Nose from the bottle is a dark malt coco scent. Pours an almost black dark ruby color with beige head, I'd give it a 25 on the SRM. Nose from the mug is the same as the bottle but with a potato bread and more of a milk chocolate. On first sip, it's rich with dark malt and dark chocolate, not really any hop character to speak of, good balance between the malt and chocolate flavors. Finishes like a hot coco, except cold and with a little bit of alcohol and dryness. It's a really smooth beer, basically no acidity and with just the right amount of carbonation. Solid full body, almost syrupy, not too astringent.
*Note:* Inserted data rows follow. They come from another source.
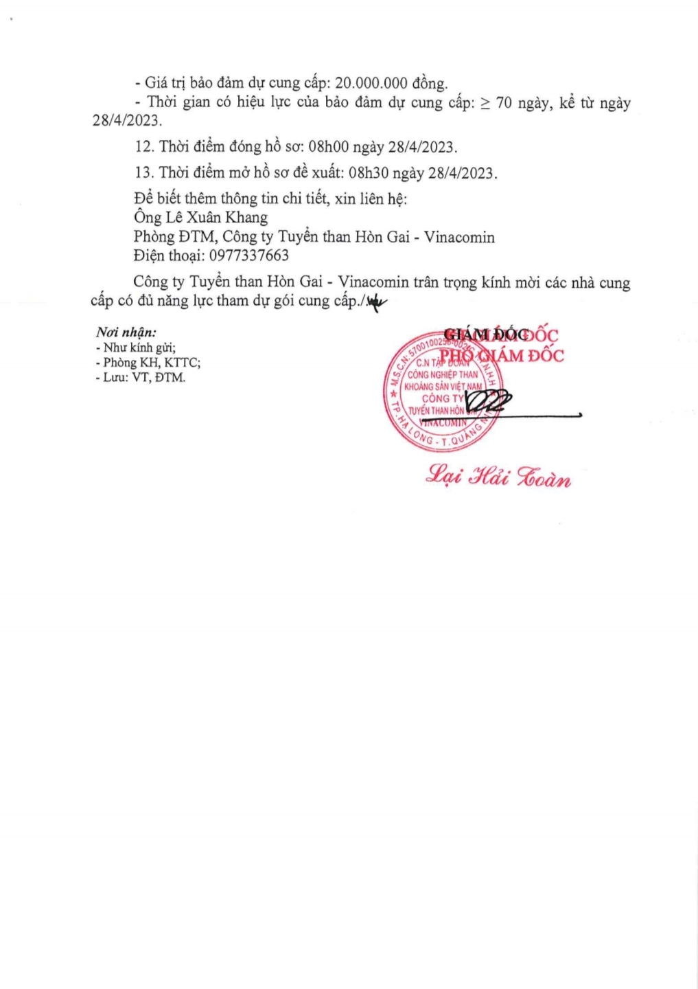 Thông báo mời chào hàng cạnh tranh gói cung cấp: Sửa chữa mặt tuyến đường từ Than điện về Làng khánh 1
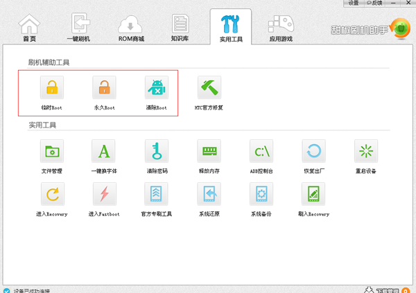 三、驅動安裝完成了,連接上的手機后,先要備份好手機的信息和聯(lián)系人,再檢查手機是否ROOT了,只有ROOT后才可以刷機,如果沒有ROOT,可以打開實用工具,點擊臨時ROOT或者永久ROOT,遇到ROOT失敗,可以試試多次就有可能成功了。
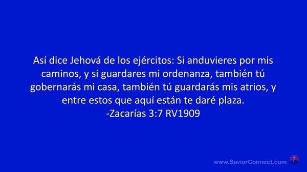 Así dice Jehová de los ejércitos: Si anduvieres por mis caminos, y si guardares mi ordenanza, también tú gobernarás mi casa, también tú guardarás mis atrios, y entre estos que aquí están te daré plaza. -Zacarías 3:7 RV1909
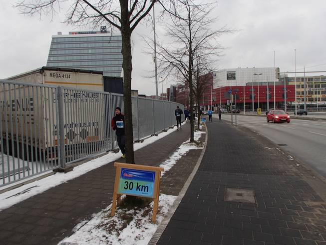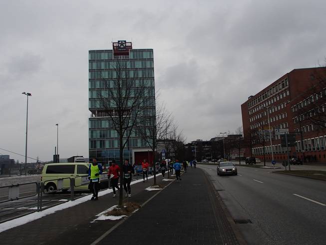 Kaistraße / Runde 3 13.11 Uhr / Km 30,2 Und dann hatte ich noch eine Runde mit viel Wind zu laufen und ohne die nun alle finishenden Halbmarathon-Läufer würde es auf der Strecke leer werden. |

Listening to Kansas Bible Company. So I not only picked up the trailer I was talking about on my previous blog post, but also picked up my 180sx from Charleston! The trailer is great, needs a little work on the inside but I'm taking care of that. The 180 is currently inoperable because I broke one of the yokes off the driveshaft when I removed it so it could be towed. It's not a particularly expensive part, but it still sucks to not be able to use my car. I have to get a new piece for the center console, that didn't make it to America with the car. When they say nothing can be in the car, they mean it! It's still good to have it here. I can't wait to fix this drive shaft, it's going to be so nice. but in other news, my Uncle Mark and I are going to start building AR-15 upper receivers with all of those cool add-ons that people like to take out to a field and have fun with. I'm talking golf ball/tennis ball launchers, fuel filter adapters, chainsaw blades, flair launchers, "unconventional materials". All of that cool stuff you see online but almost never actually see in a store or at the gun show. We will have it already put together and ready to use, ammo and all.

Final thoughts. It's a good beer, I hope it's not just a special edition and this will be available for a while. I give this beer my blurry seal of approval.